Christie is currently taking a closer look at the mechanisms that exercise activates in the brain. He uses a variety of techniques such as immunohistochemistry to look for new neural growth, changes to the number of synapses and the complexity of dendrites. He also delves into the molecular level to look for changes in protein expression in neurons.

The applications of his work are astonishingly wide. As Christie points out, the effects of exercise seem to reduce the impact of any stress on the brain – whether the stress comes from amyloid plaques in Alzheimer’s disease, to just a hard day at work. Christie’s next step is to repeat the exercise studies in a rat model for Alzheimer’s disease.

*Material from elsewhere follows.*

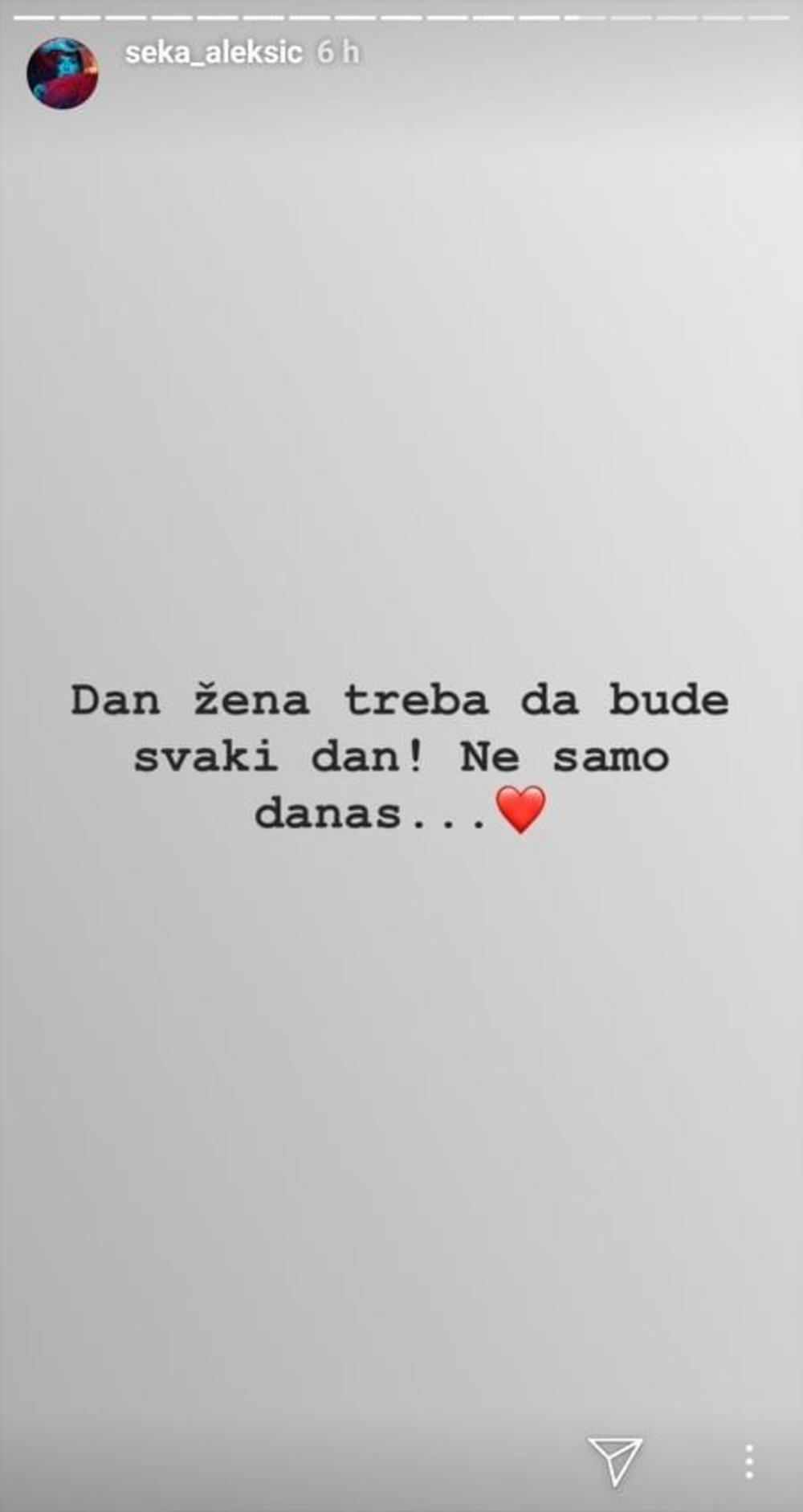 "Dan žena treba da bude svaki dan! Ne samo danas..." poručila je Seka Aleksić.

He describes the brain as being in constant flux where neural growth can be ramped up or dampened. “We’re on the leading edge of showing that the brain is a dynamic structure,” he says.

It wasn’t long ago that neuroscientists thought adults could not produce new brain cells at all – you were born with a certain number which you slowly lost over your lifetime.

Christie was a key figure in overthrowing that paradigm in 2002, when he and collaborator Fred Gage at the Laboratory of Genetics at the Salk Institute proved that people continue to produce new functional brain cells as adults.